The Trump administration has, once again, been blocked from slashing federal funding for sanctuary jurisdictions in a newly extended order, with a federal judge now prohibiting the government from punishing more than 30 additional cities and counties across the country after issuing a similar block earlier this year.

U.S. District Judge William Orrick handed down an updated preliminary injunction late Friday in the Northern District of California after protecting 16 cities and counties from funding cuts in April, as previously reported by Law&Crime.

This time, Orrick delivered relief to 34 more jurisdictions across the U.S. — including Baltimore, Chicago and Los Angeles — after adding a group of new plaintiffs on Aug. 5 to the ongoing lawsuit against President Donald Trump and his administration that spurred the original injunction. Orrick”s Friday order “mirrors the first” to protect the newly added cities and counties, the judge said.

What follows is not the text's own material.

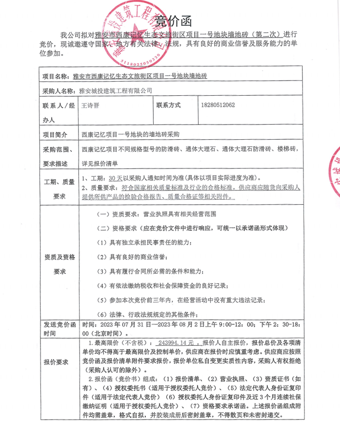 雅安市西康記憶生態(tài)文旅街區(qū)項(xiàng)目一號(hào)地塊墻地磚(第二次)競(jìng)價(jià)采購(gòu)公告
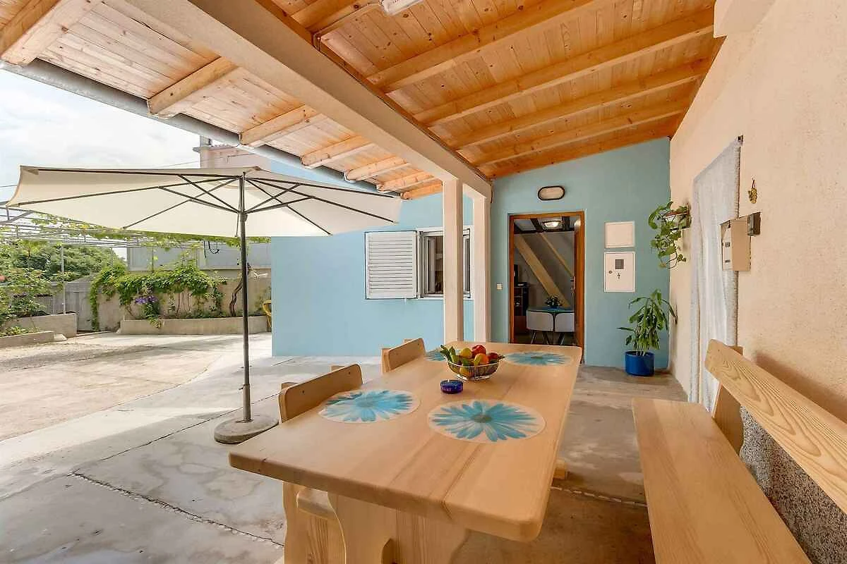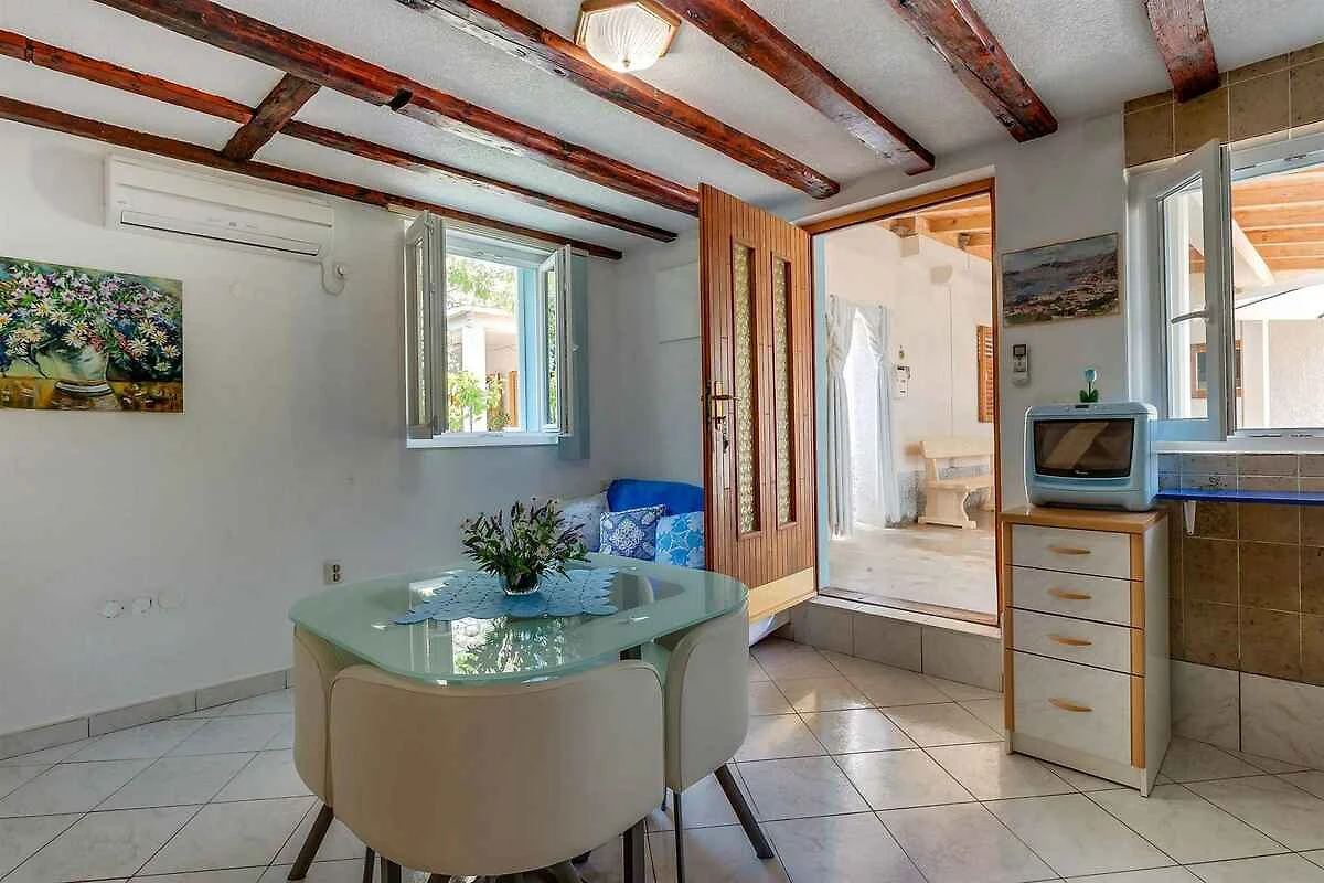 Nerezine. Die Ferienwohnung befindet sich auf einem geschlossenen Gartengrundstück mit Blumen und Bäumen, von einem Zaun begrenzt. Die Zufahrt erfolgt über einen Weg (asphaltiert). Parkplatz auf dem Grundstück.

“The new plaintiffs have each alleged similar reliance on federal funding as the cities and counties and filed declarations showing similar harms to community health, welfare and social services and to their budgetary processes that depend on the regularly authorized grants of federal funding for a variety of critical needs,” Orrick explained. “Defendants offer no opposition to entry of the expanded preliminary injunction except to say that the order granting the preliminary injunction and further order were wrongly decided in the first place and no plaintiff is entitled to the relief sought.”

Orrick, a Barack Obama appointee, condemned the Trump administration for enacting executive orders and related agency directives that were “unconstitutional violations of the separation of powers and spending clause doctrines.” He echoed his previous order and said the attempts to cut funding violate the Fifth Amendment, the Tenth Amendment, and the Administrative Procedure Act (APA).

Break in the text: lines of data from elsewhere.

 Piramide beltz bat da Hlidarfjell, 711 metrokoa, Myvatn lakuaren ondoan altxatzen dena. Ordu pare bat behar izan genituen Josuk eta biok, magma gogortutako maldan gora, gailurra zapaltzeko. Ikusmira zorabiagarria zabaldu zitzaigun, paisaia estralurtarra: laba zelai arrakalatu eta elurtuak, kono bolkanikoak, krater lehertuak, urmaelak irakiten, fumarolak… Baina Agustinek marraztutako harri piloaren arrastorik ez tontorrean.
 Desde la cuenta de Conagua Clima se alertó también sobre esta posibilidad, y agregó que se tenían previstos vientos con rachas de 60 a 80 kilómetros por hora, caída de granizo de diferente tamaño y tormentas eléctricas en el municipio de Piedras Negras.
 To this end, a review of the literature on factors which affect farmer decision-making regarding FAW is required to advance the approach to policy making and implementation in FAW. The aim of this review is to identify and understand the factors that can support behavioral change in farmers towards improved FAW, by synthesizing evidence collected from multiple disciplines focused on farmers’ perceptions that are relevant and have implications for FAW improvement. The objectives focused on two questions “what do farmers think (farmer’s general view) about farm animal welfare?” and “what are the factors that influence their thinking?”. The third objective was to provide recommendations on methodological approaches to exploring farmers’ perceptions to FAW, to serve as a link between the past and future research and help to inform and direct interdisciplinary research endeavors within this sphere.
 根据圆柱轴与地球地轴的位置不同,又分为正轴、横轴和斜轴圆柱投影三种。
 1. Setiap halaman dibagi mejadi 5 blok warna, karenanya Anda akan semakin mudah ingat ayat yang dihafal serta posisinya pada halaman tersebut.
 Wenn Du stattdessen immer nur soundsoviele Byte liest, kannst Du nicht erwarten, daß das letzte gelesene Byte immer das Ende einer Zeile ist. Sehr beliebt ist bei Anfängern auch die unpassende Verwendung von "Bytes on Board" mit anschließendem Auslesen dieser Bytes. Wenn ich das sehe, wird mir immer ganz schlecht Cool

“The challenged sections of executive orders … and the executive actions that have parroted them threaten to withhold all federal funding from the plaintiffs as sanctuary jurisdictions if they do not adapt their policies and practices to conform with the Trump administration’s preferences,” Orrick pointed out. “That coercive threat (and any actions agencies take to realize that threat, or additional executive orders the President issues to the same end) is unconstitutional, so I enjoined its effect. I do so again today for the protection of the new parties in this case.”

In February, the plaintiffs sued President Trump and others over two executive orders — “Protecting the American People Against Invasion” and “Ending Taxpayer Subsidization of Open Borders” — issued in January and February, which asked administrative agencies to look for ways to cut off all federal funding for jurisdictions challenging the administration’s anti-immigrant policies.

After the lawsuit was initially filed, the plaintiffs sought a preliminary injunction – which they won. The plaintiffs later pushed for a clarifying order after the 45th and 47th president issued an additional executive order aimed at sanctuary jurisdictions in April – which they also won. Along the way, the court also issued a so-called “further order” explaining why the plaintiffs are likely to succeed and granted several judicial notice requests which brought several policy memos issued by agency heads into the litigation.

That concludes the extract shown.